An exact copy is needed of the lines in the entries below from the line with "Näkemiin Helena, 1977." up to and including the line with "今天(8月28日)中午11点", and of nothing else. Leave the pictures out.

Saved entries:
=-=-=

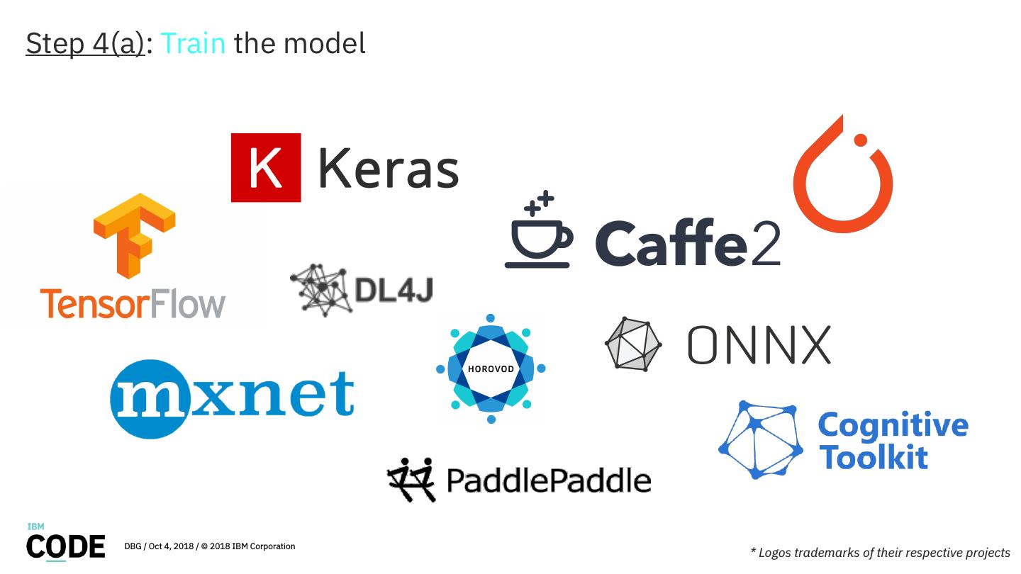 11 .Step 4(a): Train the model DBG / Oct 4, 2018 / © 2018 IBM Corporation * Logos trademarks of their respective projects
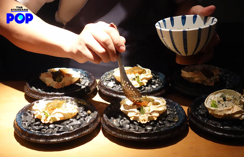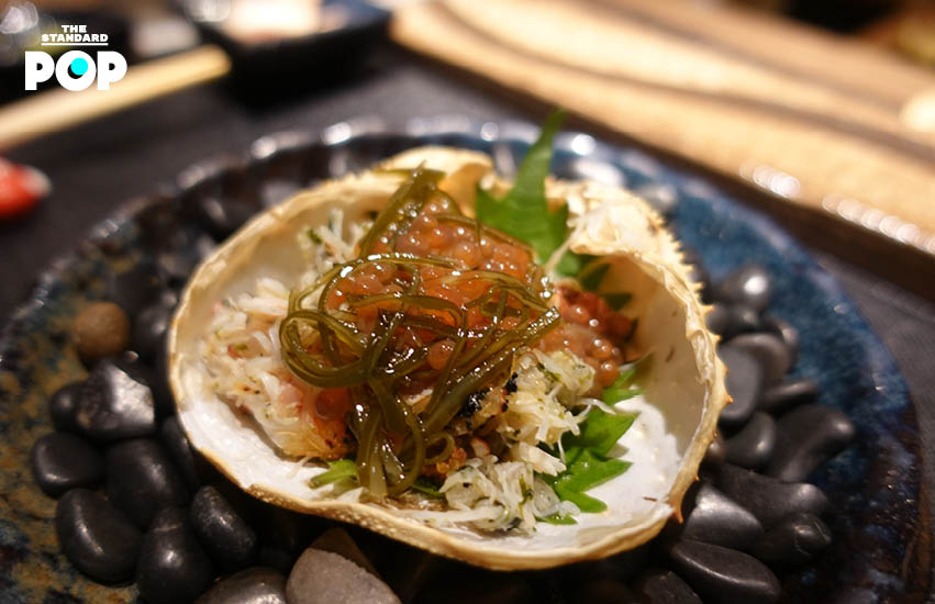 ปูขนนึ่งสาเก เมื่อเชฟนำเนื้อปูมาผสมกับข้าวและสาหร่าย จากนั้นใส่กลับไปในกระดองปูแล้วย่างด้วยถ่าน เพื่อเรียกกลิ่นหอมๆ ก่อนเสิร์ฟโรยหน้าด้วยไข่จากปลาเทราต์ ที่ปรุงรสด้วยสาหร่ายคอมบุ โชยุ และสาเก
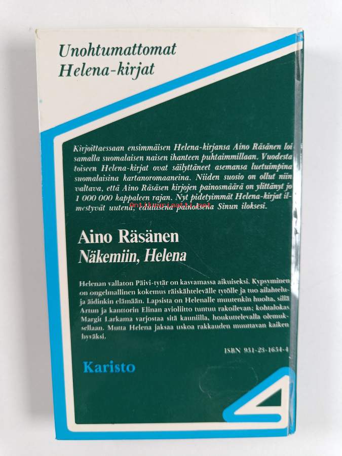Näkemiin Helena, 1977. Kirja kertoo lasten erkaantumisesta vanhemmistaan. Ihmissuhteet ja kaukokaipuu repivät perheen nuoria eri ilmansuuntiin.
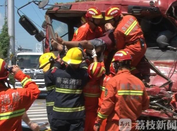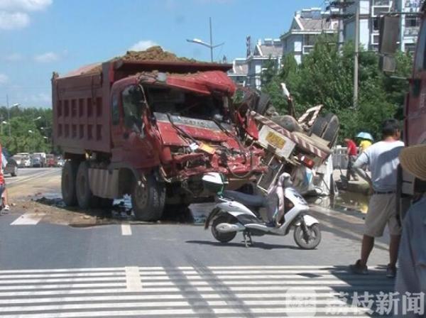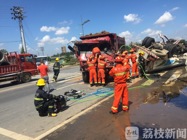 今天(8月28日)中午11点左右,在南京江宁区竹山路一丁字路口,发生了一起交通事故。一辆渣土车撞翻一辆洒水车,渣土车司机被困,而洒水车司机自行从车里爬出,没有受伤。
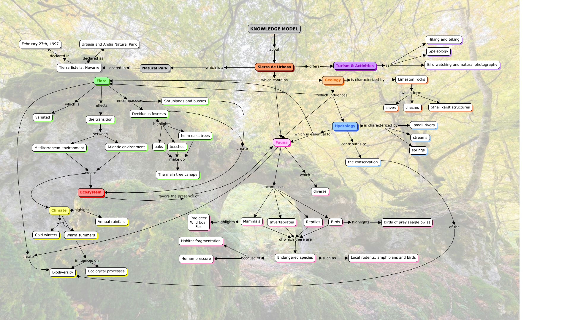 Este Cmap, tiene información relacionada con: 5. KNOWLEDGE MODEL, Geology is characterized by Limeston rocks, KNOWLEDGE MODEL about Sierra de Urbasa, Hydrology is characterized by streams, Fauna which is diverse, Geology which influences Fauna, Mammals highlights Roe deer Wild boar Fox, beeches make up The main tree canopy, Birds of which there are Endangered species, Shrublands and bushes create Ecosystem, Turism & Activities as Bird watching and natural photography, Deciduous fosrests highlights oaks, Climate influences on Biodiversity, Fauna encompases Invertebrates, Hydrology which is essential for Flora, Natural Park located in Tierra Estella, Navarre, Fauna encompases Mammals, Mediterranean environment create Ecosystem, Deciduous fosrests create Ecosystem, Geology which influences Flora, Sierra de Urbasa which contains Geology
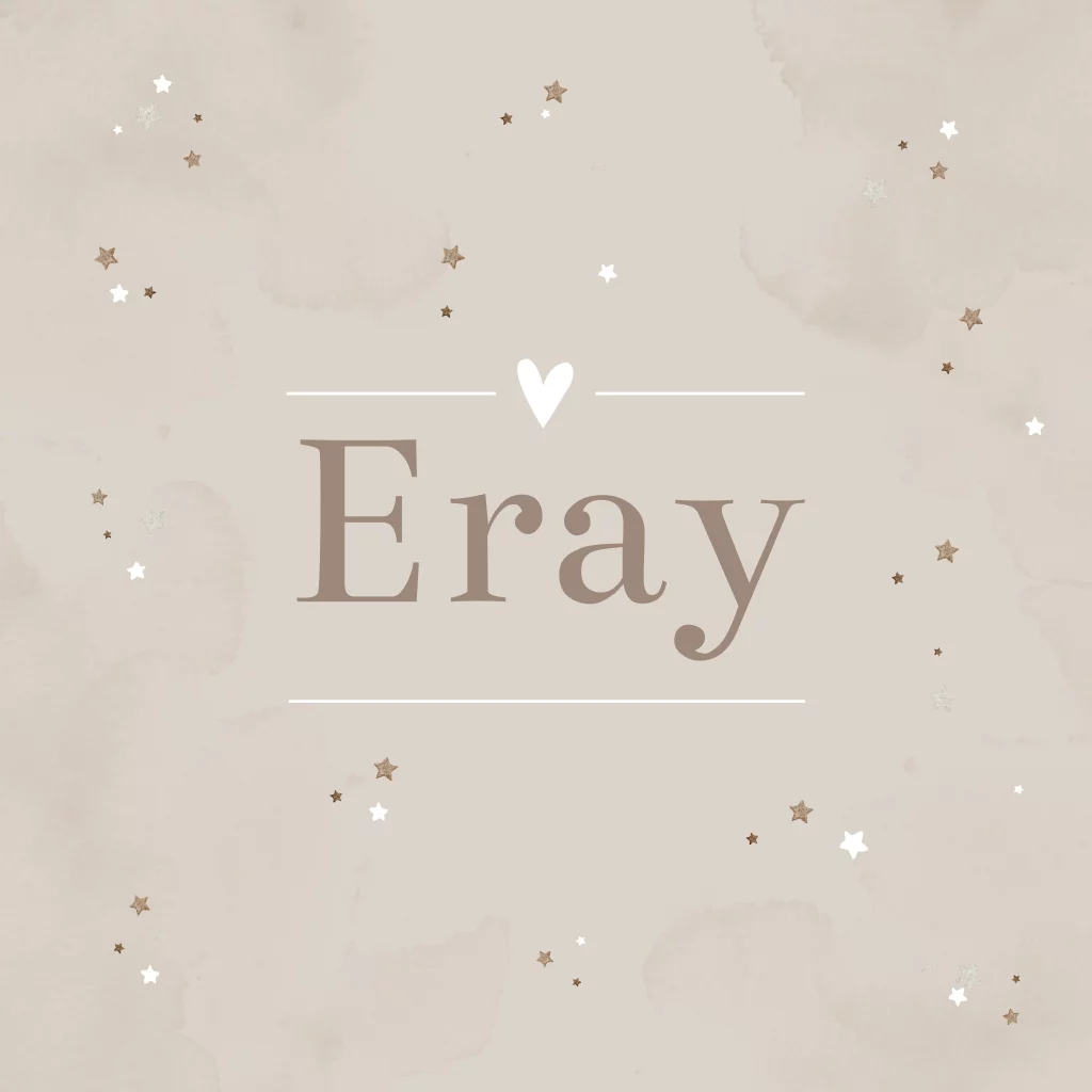 Een neutraal beige/ taupe geboortekaartje Eray met een waterverf achtergrond. Het kaartje is gevuld met allemaal bruine, witte en taupe kleurige sterretjes. Je kunt het kaartje gemakkelijk aanpassen in onze editor.
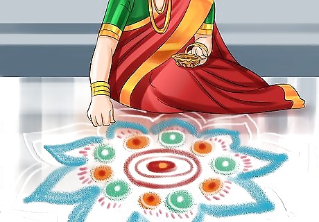 Create a rangoli on the floor or in a water-filled vessel. You can create a rangoli, which is a pattern made out of flower petals, dry rice, and colored flour or sand often made on the floor for decoration and good luck. They are often in simple geometric shapes, or in the shape of a flower or petal, and as large as you would like them to be. The base material is usually dry or wet powdered rice or dry flour, to which you can add vermillion, turmeric and other natural colors to create a multi-colored pattern. You can add flower petals on top and around the flour to accentuate the multi-colored pattern and add an eye-catching element. You can also add tea lights, or small candles, around the pattern. If you wish to avoid fire risks, you can buy battery-operated tea lights. If you don’t have space or just prefer not to place the rangoli on the floor, you can fill a bowl--ideally a semi-shallow, wide and flat bowl--with water and place flower petals inside to create a floating pattern. You can place this on the mandap or any other surfaces in the room.
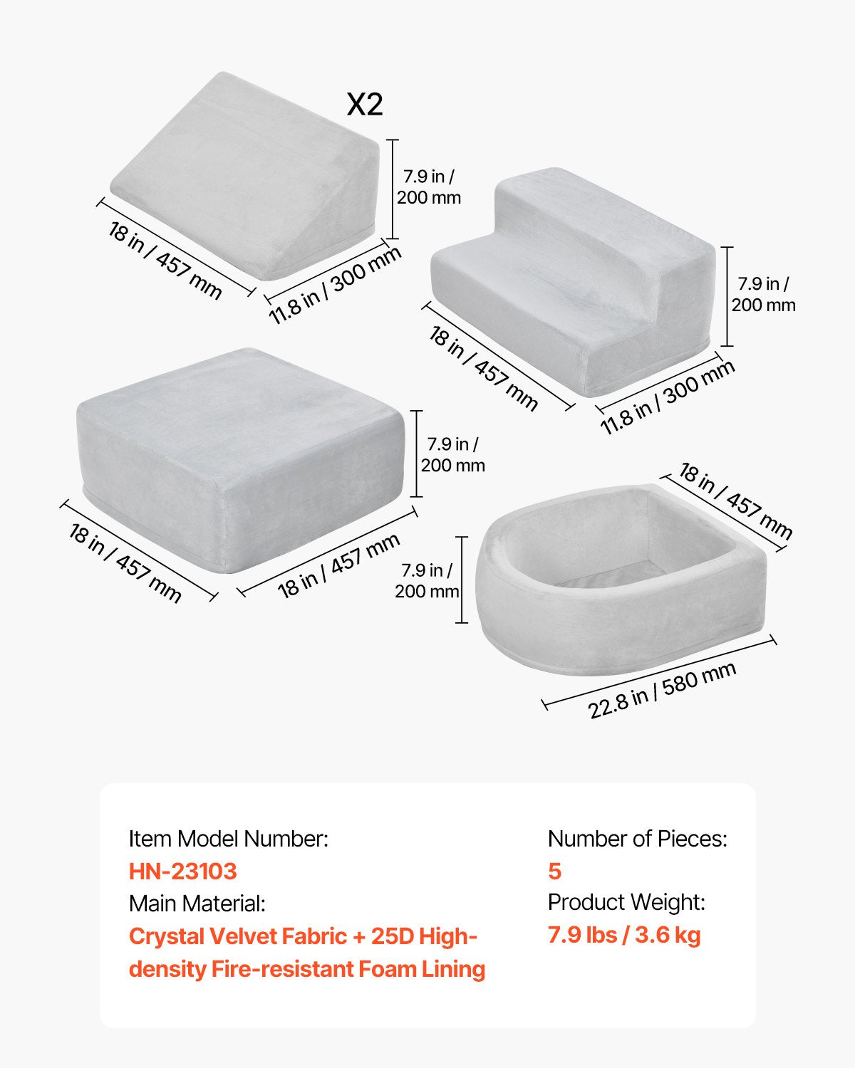 Soft and Durable: The baby climbing blocks are equipped with ultra-soft velvet fabric and filled with 25D high-density foam for excellent support, making it ideal for babies to climb or walk on. This promotes body coordination, improves motor skills and helps absorb shock to avoid fall injuries. (Allow 48-72 hours for full expansion after unpacking.)
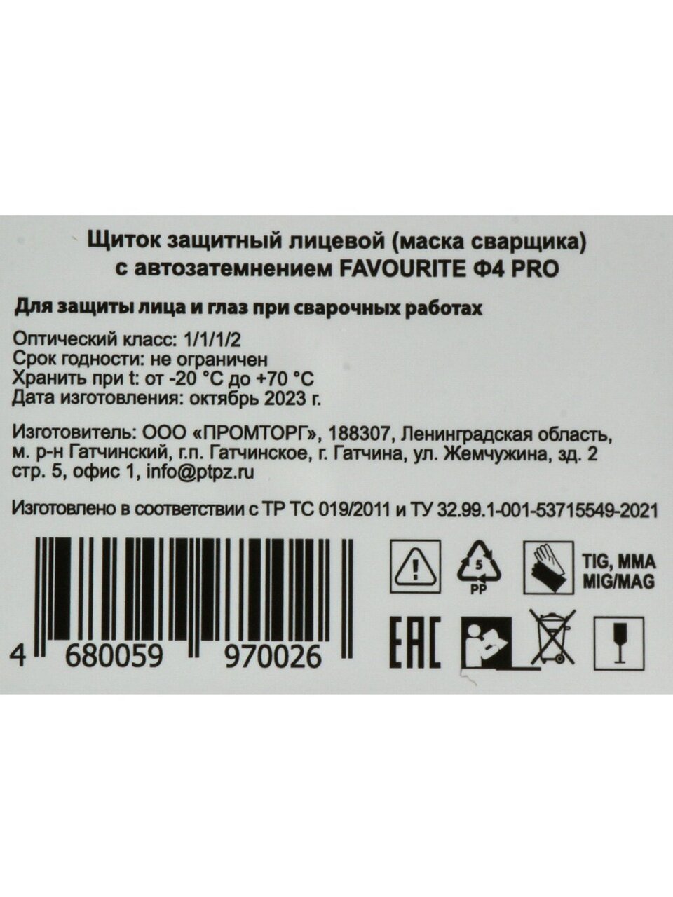Оформите заказ на маску сварочную автозатемнение Favourite PRO Ф4 — надёжная защита глаз, выгодные цены и быстрая доставка по России. Сделайте работу безопаснее уже сегодня!

=-=-=

[Output for this exercise]
Näkemiin Helena, 1977. Kirja kertoo lasten erkaantumisesta vanhemmistaan. Ihmissuhteet ja kaukokaipuu repivät perheen nuoria eri ilmansuuntiin.
 今天(8月28日)中午11点左右,在南京江宁区竹山路一丁字路口,发生了一起交通事故。一辆渣土车撞翻一辆洒水车,渣土车司机被困,而洒水车司机自行从车里爬出,没有受伤。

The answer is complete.